The Bad Soldier: Reflections on Moments of Inaction in the Face of Injustice

4 min readMar 8


Author-created image generated with the assistance of DALL-E 2

On a suspiciously warm Friday evening in March, a beautiful Russian woman gave me jewelry recommendations and chatted my ear off. She had lots of stories of her travels, and I had lots too. Sometimes Russians are racist and don’t value Black customers. This woman was different; she was delightful.

As I was checking out, I told her

Thanks for the tips and affirmations! You should work in fashion.

She said

You know, I worked in fashion for years, but then they stopped letting real women model. I don’t want to hear anything of womanhood from anyone who hasn’t bled with a period…

Oh, how quickly the saccharine can become disgusting. How long does one keep chewing before spitting it all out into the trash?

I paused, but didn’t want to pause too long…didn’t want to give myself away to a stranger who had just proven that there was something more insidious, dangerous, behind her charming mask. Fumbling only mentally for a brief moment, I outwardly proceeded without skipping a beat, emoting an


accompanied by a sincerely pensive face. My considerations were quickly followed with

I don’t think I’d be a good model, but I do love the field I’m in and think it’s perfect for me.

Accepting the shift away from her bigotry, she queried

What do you do?

I’m a researcher…I do social studies…I like to use research to help groups of people who face challenges in mainstream society, I shared as I took my receipt, placed it into my bag, gave a light thanks, made a heeled turn, and exited the shop.

My mind buzzed blurry throughout the entire 5-minute walk home.

Why didn’t you protest her blatant transphobia?? You should have torn her apart…could have, easily…

I didn’t have the energy. I just want to go get pretty.

Do soldiers deserve to rest from the front lines and go get pretty between battles?

Of course!…also, since when am I a soldier?!?

No, no, no! The revolution has not yet been won! You musn’t relent! This is exactly what an overtherapized coward would say. You’re an overtherapized coward. What are you running from, coward?!!

I don’t know…I just know that I am very tired and soon won’t have much energy left to fight or flee. I presume that’s when I’ll just fall down…maybe tumble right back to where I was some darker time ago…who knows what will become of me there…

I arrived home just as my phone blinks a reminder that we had only an hour left until our dinner reservation. Omakase in the city. 17 courses.
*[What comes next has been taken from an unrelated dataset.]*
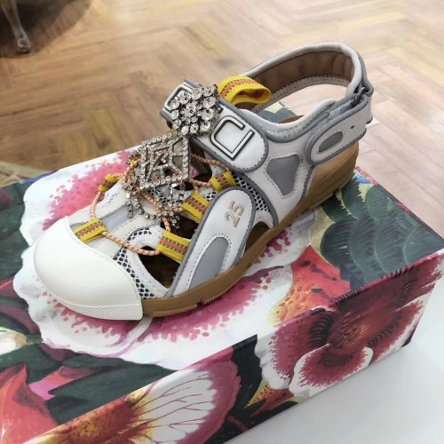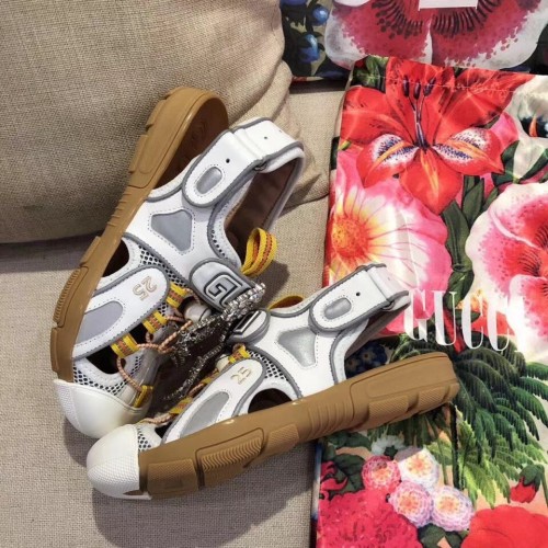 Gucci Leather and Mesh Reflective Fabric Sandals Crystal White 2019

I dressed and added the finishing touch — the earrings that the Russian woman helped me select. Gold plated snakes, draped from my earlobes and winding alongside my loc’d hair. I looked so grossly stunning; any initial doubts or regrets about my purchase vaporized into nothing.
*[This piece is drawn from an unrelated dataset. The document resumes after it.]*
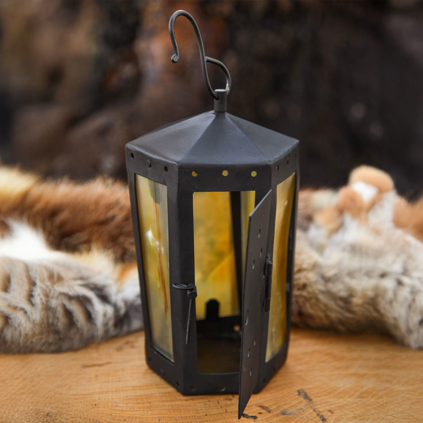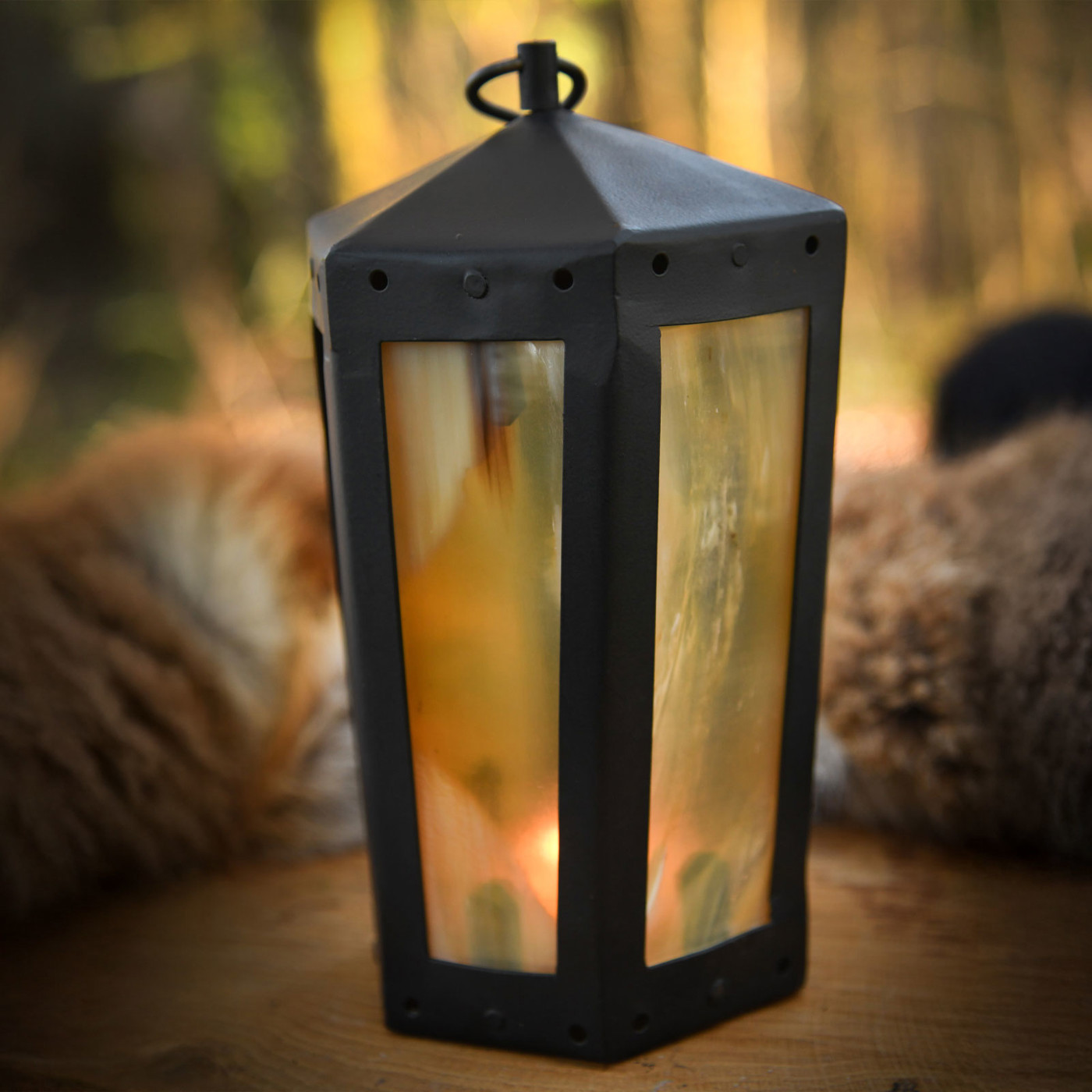 Mittelalterliche Laterne mit Hornfenstern – Handgeschmiedete Eisenlaterne, 6-eckig, ca. 20 cm

This is a condensed retelling of a real, recent moment in my life. As a nonbinary Black Woman of limited financial means, I often ask myself “what is my role in the revolution?” I often panic over my answers to this question, believing my contributions to be insufficient or hypocritical. That is, until I remember that mediocrity is the permissible status quo for so many. I think about the people who are thankful for my “leadership” and lack of fear in immediately standing up for what is right. I remind myself that they are grateful not for any positive change my actions have affected; they are just happy that I have spared them of obligation to perform taxing labor for themselves. I think of the Tiktok videos cishet women post lamenting their husbands “weaponzing” incompetence and laugh at their inability to recognize when they too play dumb and soft to escape bearing their fair share of life’s weighty discomforts. I remember the ways that I have been made to pay poor taxes (overdraft bank fees, student loan interest, make-up work, etc.). I remember the people who have staked out my life, waiting for there to be cracks in my persona of Black Excellence (the very persona that they demand I don daily to avoid being perceived as a threat), so that they may finally have “proof” to support their hypothesis that I am undeserving of a Good Life. I consider all the times I have been denied opportunities to be complex and contradictory without punishment. I remind myself that many still secretly only view me as 3/5s of anything resembling a person.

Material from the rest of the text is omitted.